I bolded the middle section on purpose.  It applies to everything in our lives.  Reminds me of the first Veggie Tales video I ever saw….the video “Where is God when I am scared”, there was one of those catchy songs that sticks in your head…. “God is bigger than the boogie man.  He’s bigger than Godzilla or the monsters on TV… oh, God is bigger than the boogie man and he’s watching out for you and me.”   This is so true.  Why do we put God in a box and expect that he can’t help us…. or ever further down that road that he doesn’t want to help us or won’t help us.   That’s just crazy!!

So if you are hitting a really hard patch in your marriage, it isn’t the end of the road.   Pray about it and wait on the Lord.  He is listening, and he is going to help you.   Remember that his timing is not our timing.  Be patient.   Our strength will rise as we wait on the Lord.

Lord, Set Me Free from Negative Emotions

This chapter comes at a time of revelation for me.   Seriously, I harbor anxiety during the week.   The ONLY times I do not feel anxious…. Wednesday night (Worship team practice), Thursday night (my Ladies bible study) and Sunday (church).  Make sense?   Days of the week that I find myself totally enveloped in God.

Let’s talk our way through her seven good ways to get free of negative emotions….

1.  Refuse to be anxious.   I hate being anxious because it means I am not trusting God.  I KNOW that God can do all things, but why do I still get so anxious sometimes.   I need to post John 16:33 everywhere I look.  “In the world you will have tribulation; but be of good cheer, I have overcome the world.”   I am less anxious and at peace when I spend more time with him.   I need to remember not to be anxious about anything.

2.  Refuse to be ruled by anger.  I have one employee at work that I have the hardest time getting not getting angry at.   Her voice grates my soul when she chooses to be argumentative with me.   I am so quick to anger with her.   For the most part, I am one of the least likely persons to get angry and hold on to it.    This is one area that I am in need of major work… this situation with my employee.

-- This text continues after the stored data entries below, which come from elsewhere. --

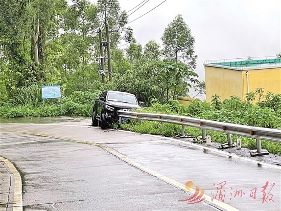 9月23日下午,大江线萩芦镇梅洋村路段,一辆小汽车行驶中,不慎撞上路边护栏,护栏纵向贯通车体。连日来,我市持续降雨,路面湿滑,市民行车务必降速、控距,平稳驾驶。全媒体记者 刘永福 摄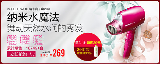 松下NA10納米專業護理吹風機,naonoe納米水離子含水量是負離子的1000倍,更加滋潤頭發頭皮;風嘴的設計能快速提升吹發速度,3分鐘快速干發,輕松打造各種造型;50°恒溫技術,快速換擋,健康護發,均勻散熱,干發同時令秀發健康亮澤。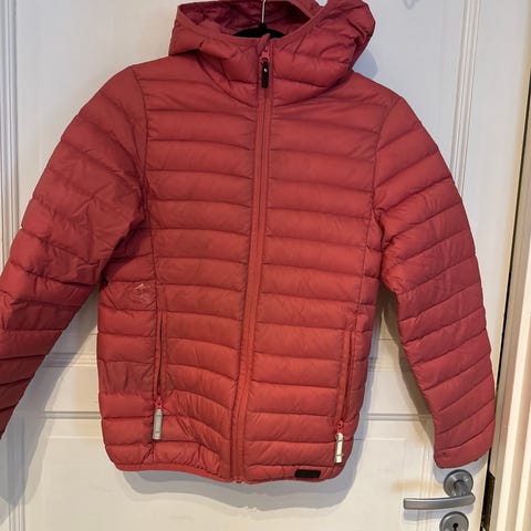 Selger en dunjakke fra Jotunheim i sterk rødfarge. Har avtagbar hette og skikortlomme på armen.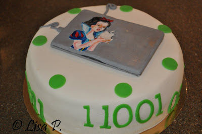 Ljusa bottnar, limemousse, jordgubbsmousse, spacklad med grädde, täckt med sp, dekorerad med sp och svart marsipan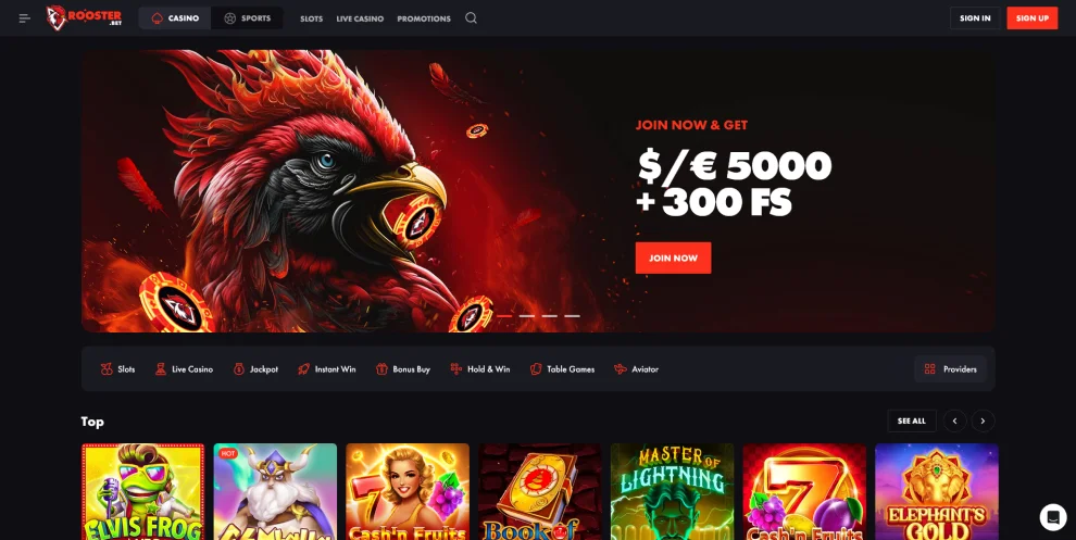- Second – 50% up to $1000, promo code: ROOSTER2, plus 50 free spins.

3.  Refuse to be dissatisfied.  I feel that I do very well in this area.  I have so many friends with so much more than we do, but I am really at peace with our situation in life.

4.  Refuse to be envious.  This kind of goes along with #3.  I refuse to make myself miserable over what someone else has.  If I was supposed to have something, God would provide it.   The Joneses either have what they have because (a) God provided or (b)  they are going to get themselves in trouble for being in over their head trying to keep up with someone else.

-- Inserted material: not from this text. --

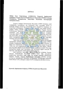 INDONESIA Program Nasional Pemberdayaan Masyarakat (PNPM) bertujuan untuk meningkatkan kesejahteraan dan kesempatan kerja masyarakat sejak di perdesaan dengan mendorong keindependenan dalam pengambilan keputusan dan pengelolaan pembangunan. Berdasarkan hasil observasi yang penulis lakukan, terdapat indikasi masalah dalam implementasi kebijakan program Nasional Pemberdayaan Masyarakat (PNPM) diantaranya adalah banyaknya kebutuhan masyarakat yang belum terpenuhi oleh pemerintah, kurangnya kesadaran masyarakat dalam PNPM, masih banyaknya masyarakat perempuan yang kolek atau mecat dalam pengambayaan uang SPP (Simpan Pinjam Perempuan), motivasi dalam meningkatkan kesejahteraan masyarakat masih kurang, dan sikap-sikap kelompok masyarakat dalam mengatasi masalah kesejahteraan masih kurang. Tujuan dari penelitian ini adalah untuk mengetahui apakah ada pengaruh implementasi kebijakan Program Nasional Pemberdayaan Masyarakat (PNPM) terhadap kesejahteraan masyarakat. Teori yang digunakan dalam penelitian ini adalah teori implementasi kebijakan yang dikemukakan oleh George Edward III (1980) dan teori kesejahteraan yang dikemukakan oleh Edi Suharto. Metode yang digunakan adalah metode kuantitatif dengan pendekatan asosiasi. Data yang dikumpulkan melalui studi kepustakaan dan the spread of the now as much as 98 respondents obtained through random sampling techniques. Hasil penelitian menyatakan bahwa implementasi kebijakan Program Nasional Pemberdayaan Masyarakat (PNPM) telah baik, peningkatan kesejahteraan masyarakat sudah tinggi, dan terdapat pengaruh implementasi kebijakan Program Nasional Pemberdayaan Masyarakat (PNPM) terhadap peningkatan kesejahteraan masyarakat di Kecamatan Karangtengah Kabupaten Garut sebesar 57,6%, sedangkan sisanya 42,4% di pengaruhi oleh faktor lainnya. ENGLISH Program Nasional Pemberdayaan Masyarakat (PNPM) aiming to increasing the well-being and employment of the poor in rural areas by encouraging independence in decision-making and management of development. Based on the results of observation the author do, there are indications of problems in the implementation of the policy of Proram Nasional Pemberdayaan Masyarakat (PNPM) of which is the large number of community needs that have not been the danes by the Government, a lack of awareness in the PNPM, still the number of society woman dinghy or the payment bogged down in SPP (Simpan Pinjam Perempuan), the motivation to improve the welfare of society are still lacking, and attitudes of community groups in addressing the issues is still lacking. The purpose of this research is to find out whether there is influence of the implementation policy of Proram Nasional Pemberdayaan Masyarakat (PNPM) against the welfare of the community. The theory used in this research is the theory of the implementation of the policy advanced by George Edward III (1980) and welfare theory advanced by Edi Suharto. The method used is the associative approach with quantitative methods. The data collected through the study of librarianship and the spread of the now as much as 98 respondents obtained through random sampling techniques. The results of the research stated that the implementation of the policy of Program Nasional Pemberdayaan Masyarakat (PNPM) has both, an increase in welfare of society is already high, and there is the influence of the implementation of the policy of Program Nasional Pemberdayaan Masyarakat (PNPM) to increased welfare of the community in district of Garut Karangtengah 57.6%, while the rest was 42.4% in influence by other factors.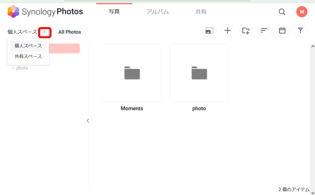 これは synology photos で「管理」権限を持っていれば誰でも使用可能。

5. Refused to be depressed.  I had to stop here.  This is mine.  It’s me at my worst.  It’s sometimes very visible to others, but mostly it’s invisible to all but God, Satan and me.   Satan loves to use it, too.   It may be my current “thorn” in my flesh.   When I catch myself, I begin reciting the first verse that comes to my head like a mantra… “I can do ALL things in Christ who strengthens me.” DEPART FROM ME, SATAN!

6.  Refuse to be bitter.   I try my very hardest not to be bitter.    I try not to hold onto anger.  I try not to let bad situations or bad people consume me.  I’ve seen what it does to others, some that are very close to me.  I can’t do that.   God doesn’t want me to live with this.  I just let it all go.   It’s something I have had to learn, but I feel pretty confident I’ve beaten this one.

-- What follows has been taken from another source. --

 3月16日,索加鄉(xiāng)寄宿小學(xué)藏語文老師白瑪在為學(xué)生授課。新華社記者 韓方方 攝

7.  Refuse to be hopeless.  I’ve felt hopelessness in the past.  I never want to feel it again.  I’ve banned it from my life.  I felt hopeless up until the moment when Christ became my Savior.  I refuse to feel that way ever again.  Dear ones, don’t be consumed by hopelessness.  My hope is in God.  He loves me.  He watches out for me.  He does what is best for me.   My hope is in Jesus Christ.

I love this last paragraph before her prayer…. “Negative emotions reveal doubt.  If we thoroughly trust God, what do we have to be anxious about?  Why would we be angry, dissatisfied, envious, depressed, bitter or hopeless?  Yet we are all susceptible to experiencing these kinds of emotions at some time in our life.  So don’t feel bad about having them, but don’t live with them either.  Refuse to allow the ugliness of negative emotions to mar the beauty of life God has for you.”  AMEN, sister!  AMEN!